Source records:
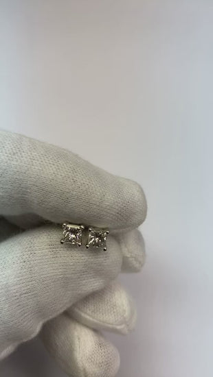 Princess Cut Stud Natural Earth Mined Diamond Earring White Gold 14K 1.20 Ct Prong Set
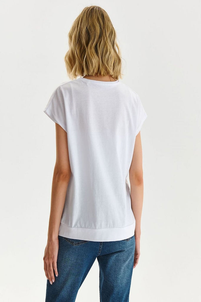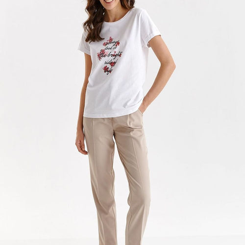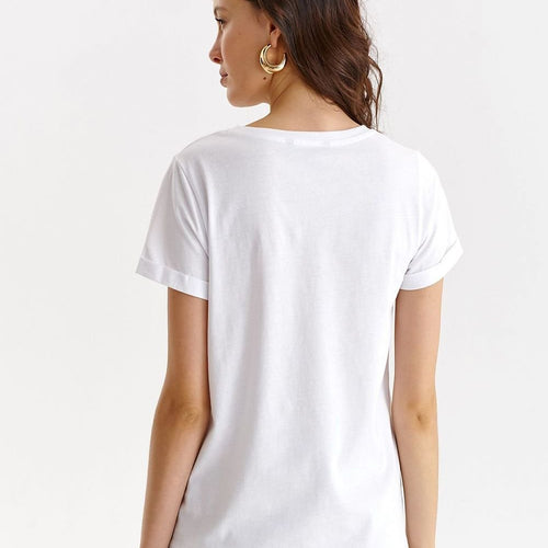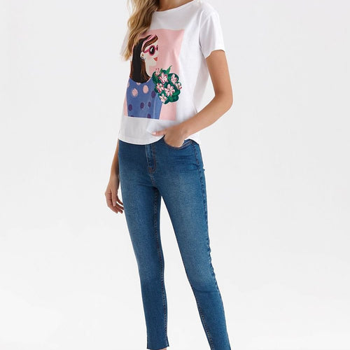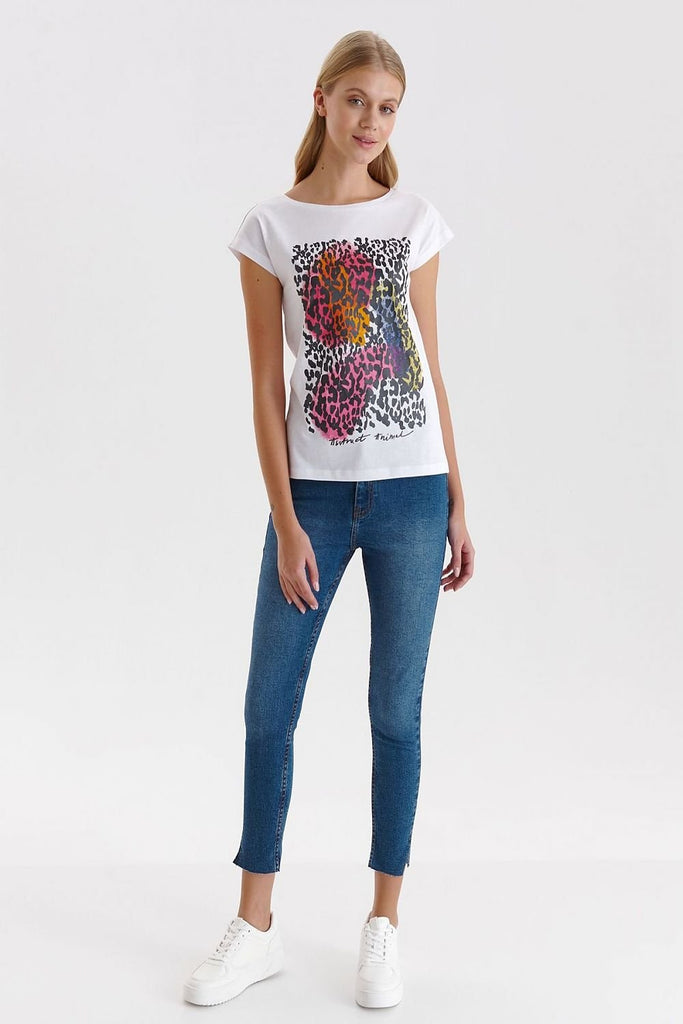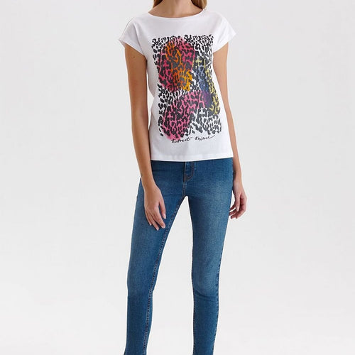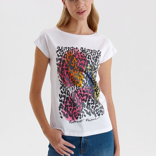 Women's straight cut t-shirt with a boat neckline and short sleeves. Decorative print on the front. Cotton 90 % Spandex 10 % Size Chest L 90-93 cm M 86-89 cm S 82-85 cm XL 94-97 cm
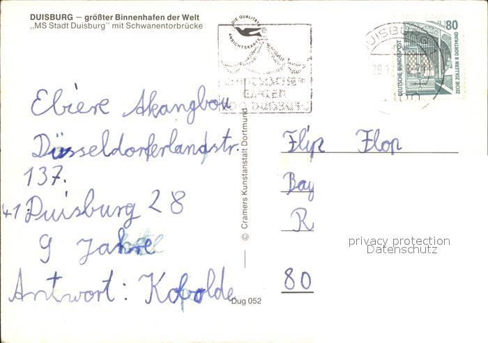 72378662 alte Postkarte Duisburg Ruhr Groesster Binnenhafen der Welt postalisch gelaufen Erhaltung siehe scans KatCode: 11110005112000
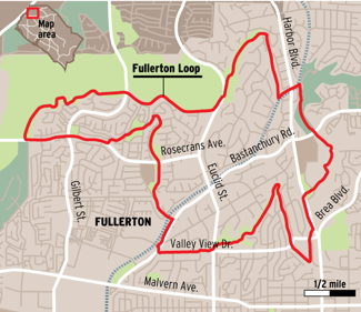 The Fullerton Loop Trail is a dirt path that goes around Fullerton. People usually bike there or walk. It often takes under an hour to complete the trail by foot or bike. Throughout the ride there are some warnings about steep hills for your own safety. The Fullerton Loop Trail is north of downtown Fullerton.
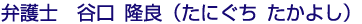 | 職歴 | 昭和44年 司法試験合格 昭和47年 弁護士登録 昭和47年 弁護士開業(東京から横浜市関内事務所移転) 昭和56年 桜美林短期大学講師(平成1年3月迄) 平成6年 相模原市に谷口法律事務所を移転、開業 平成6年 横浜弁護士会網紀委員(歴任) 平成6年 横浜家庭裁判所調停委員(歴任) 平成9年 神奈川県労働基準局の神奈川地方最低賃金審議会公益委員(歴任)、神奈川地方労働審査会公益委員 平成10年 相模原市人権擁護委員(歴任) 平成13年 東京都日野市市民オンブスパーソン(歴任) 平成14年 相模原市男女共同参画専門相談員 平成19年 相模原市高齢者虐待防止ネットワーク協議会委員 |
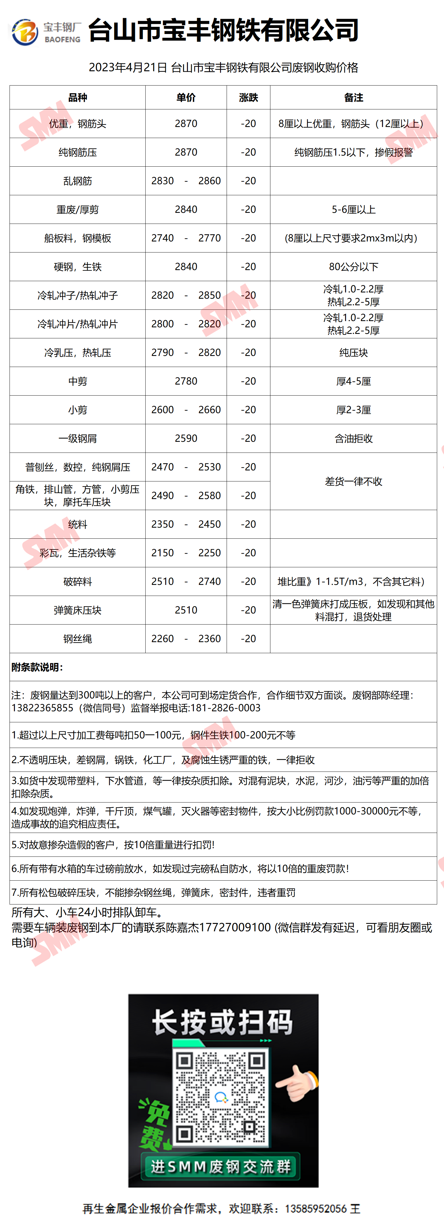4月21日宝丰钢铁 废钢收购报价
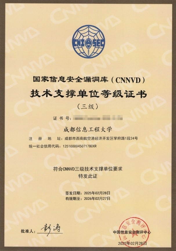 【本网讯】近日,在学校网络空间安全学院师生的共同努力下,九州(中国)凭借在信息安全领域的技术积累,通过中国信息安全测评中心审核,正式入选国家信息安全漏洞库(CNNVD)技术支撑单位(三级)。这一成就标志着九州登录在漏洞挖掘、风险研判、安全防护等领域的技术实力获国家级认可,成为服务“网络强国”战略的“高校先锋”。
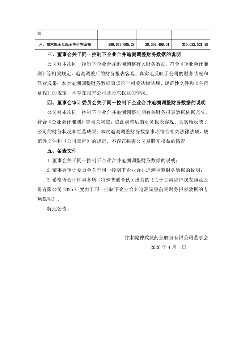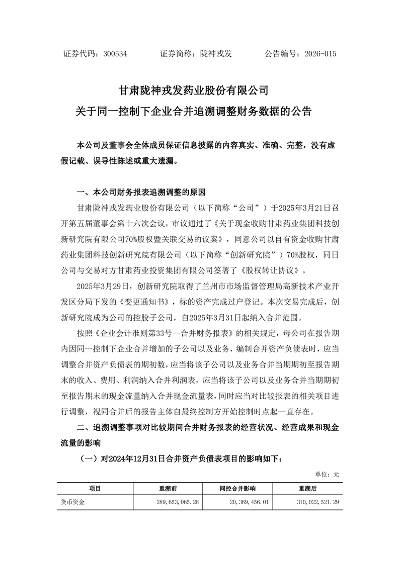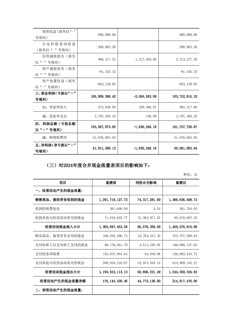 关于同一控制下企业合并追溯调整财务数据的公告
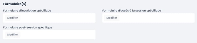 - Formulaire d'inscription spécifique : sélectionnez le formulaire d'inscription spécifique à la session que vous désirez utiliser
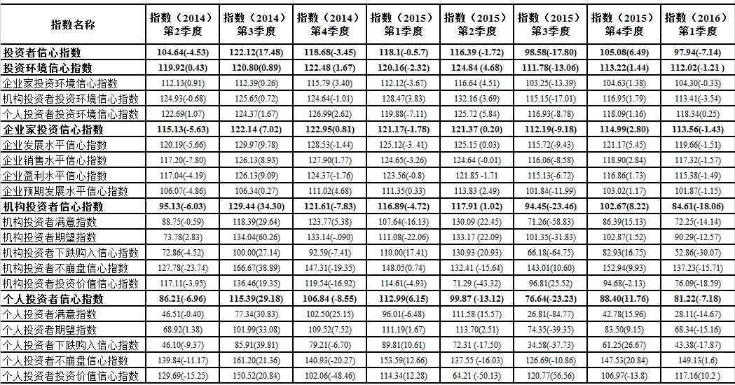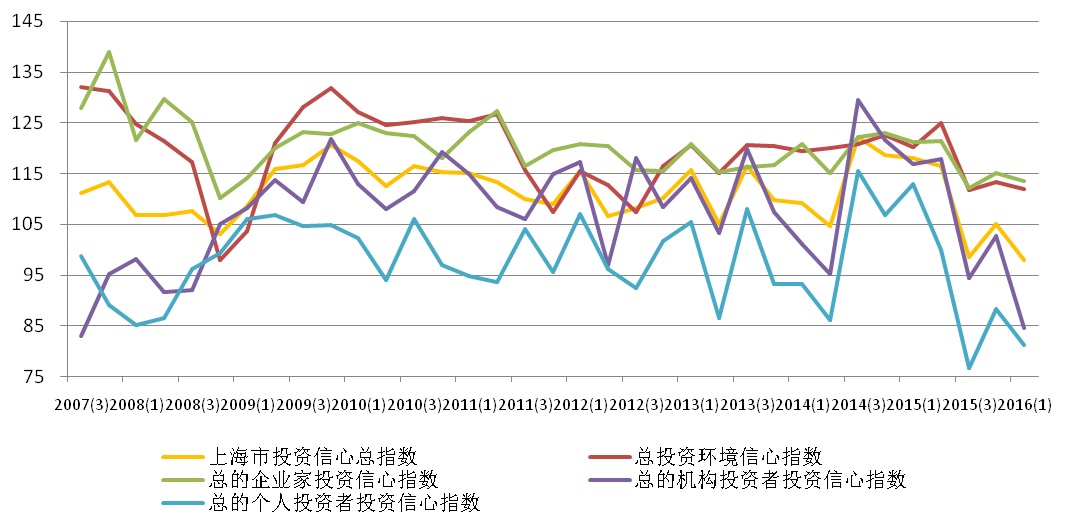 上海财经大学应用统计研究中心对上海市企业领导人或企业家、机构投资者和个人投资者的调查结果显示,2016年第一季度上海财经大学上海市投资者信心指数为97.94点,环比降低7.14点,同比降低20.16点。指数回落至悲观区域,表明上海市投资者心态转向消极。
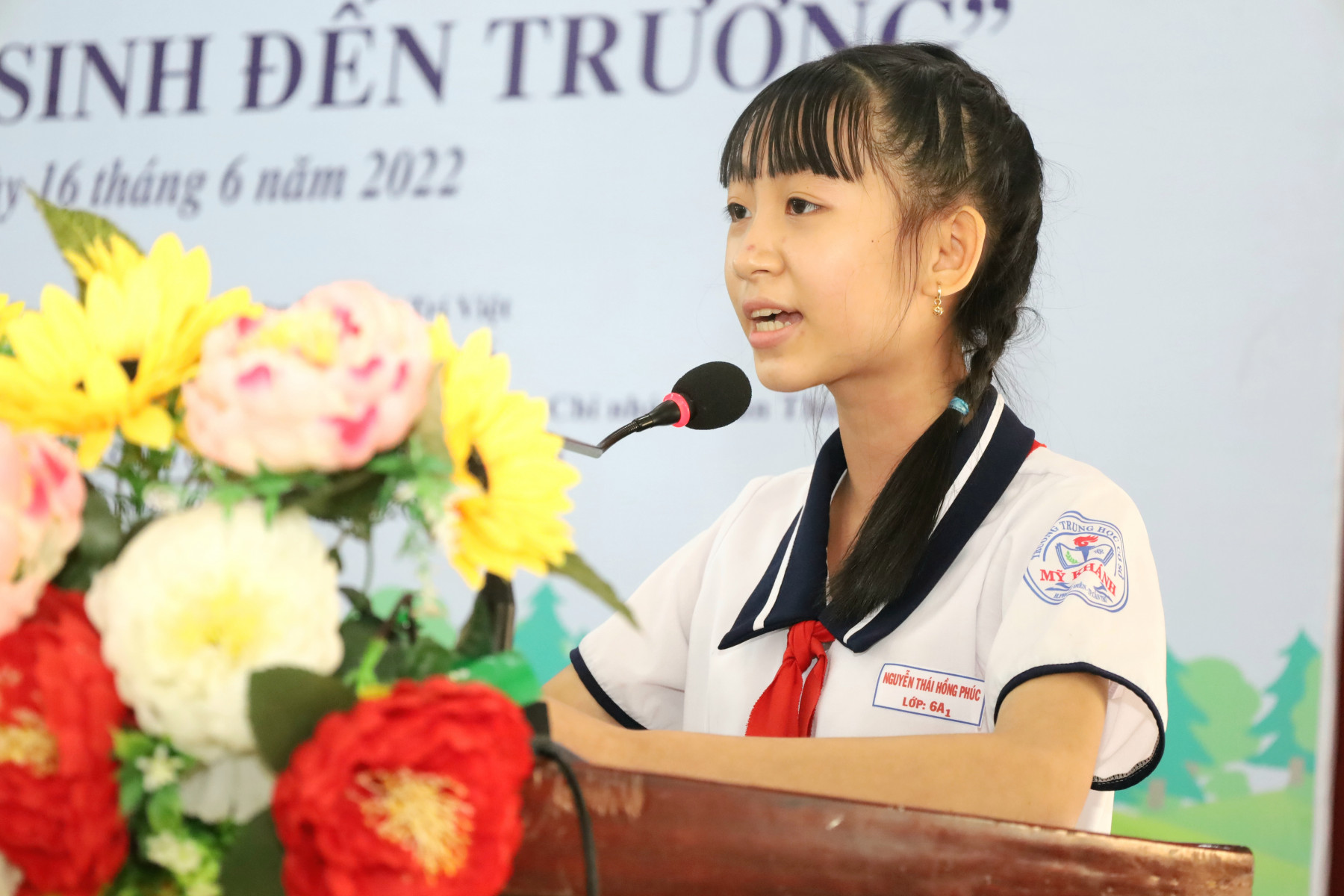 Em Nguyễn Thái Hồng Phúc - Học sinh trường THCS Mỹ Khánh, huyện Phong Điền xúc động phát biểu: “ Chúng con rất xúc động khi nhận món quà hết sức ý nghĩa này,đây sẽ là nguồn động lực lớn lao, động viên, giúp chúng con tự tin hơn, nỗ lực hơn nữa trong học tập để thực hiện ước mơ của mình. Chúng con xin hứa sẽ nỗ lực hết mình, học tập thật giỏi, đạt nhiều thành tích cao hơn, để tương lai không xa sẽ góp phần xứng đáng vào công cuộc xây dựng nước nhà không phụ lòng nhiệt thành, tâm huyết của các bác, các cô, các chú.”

- Instructions to follow -
Pictures aside, retype all of the entries word for word.

- Answer to the exercise -
 Princess Cut Stud Natural Earth Mined Diamond Earring White Gold 14K 1.20 Ct Prong Set
 Women's straight cut t-shirt with a boat neckline and short sleeves. Decorative print on the front. Cotton 90 % Spandex 10 % Size Chest L 90-93 cm M 86-89 cm S 82-85 cm XL 94-97 cm
 72378662 alte Postkarte Duisburg Ruhr Groesster Binnenhafen der Welt postalisch gelaufen Erhaltung siehe scans KatCode: 11110005112000
 The Fullerton Loop Trail is a dirt path that goes around Fullerton. People usually bike there or walk. It often takes under an hour to complete the trail by foot or bike. Throughout the ride there are some warnings about steep hills for your own safety. The Fullerton Loop Trail is north of downtown Fullerton.
 | 職歴 | 昭和44年 司法試験合格 昭和47年 弁護士登録 昭和47年 弁護士開業(東京から横浜市関内事務所移転) 昭和56年 桜美林短期大学講師(平成1年3月迄) 平成6年 相模原市に谷口法律事務所を移転、開業 平成6年 横浜弁護士会網紀委員(歴任) 平成6年 横浜家庭裁判所調停委員(歴任) 平成9年 神奈川県労働基準局の神奈川地方最低賃金審議会公益委員(歴任)、神奈川地方労働審査会公益委員 平成10年 相模原市人権擁護委員(歴任) 平成13年 東京都日野市市民オンブスパーソン(歴任) 平成14年 相模原市男女共同参画専門相談員 平成19年 相模原市高齢者虐待防止ネットワーク協議会委員 |
4月21日宝丰钢铁 废钢收购报价
 【本网讯】近日,在学校网络空间安全学院师生的共同努力下,九州(中国)凭借在信息安全领域的技术积累,通过中国信息安全测评中心审核,正式入选国家信息安全漏洞库(CNNVD)技术支撑单位(三级)。这一成就标志着九州登录在漏洞挖掘、风险研判、安全防护等领域的技术实力获国家级认可,成为服务“网络强国”战略的“高校先锋”。
 关于同一控制下企业合并追溯调整财务数据的公告
 - Formulaire d'inscription spécifique : sélectionnez le formulaire d'inscription spécifique à la session que vous désirez utiliser
 上海财经大学应用统计研究中心对上海市企业领导人或企业家、机构投资者和个人投资者的调查结果显示,2016年第一季度上海财经大学上海市投资者信心指数为97.94点,环比降低7.14点,同比降低20.16点。指数回落至悲观区域,表明上海市投资者心态转向消极。
 Em Nguyễn Thái Hồng Phúc - Học sinh trường THCS Mỹ Khánh, huyện Phong Điền xúc động phát biểu: “ Chúng con rất xúc động khi nhận món quà hết sức ý nghĩa này,đây sẽ là nguồn động lực lớn lao, động viên, giúp chúng con tự tin hơn, nỗ lực hơn nữa trong học tập để thực hiện ước mơ của mình. Chúng con xin hứa sẽ nỗ lực hết mình, học tập thật giỏi, đạt nhiều thành tích cao hơn, để tương lai không xa sẽ góp phần xứng đáng vào công cuộc xây dựng nước nhà không phụ lòng nhiệt thành, tâm huyết của các bác, các cô, các chú.”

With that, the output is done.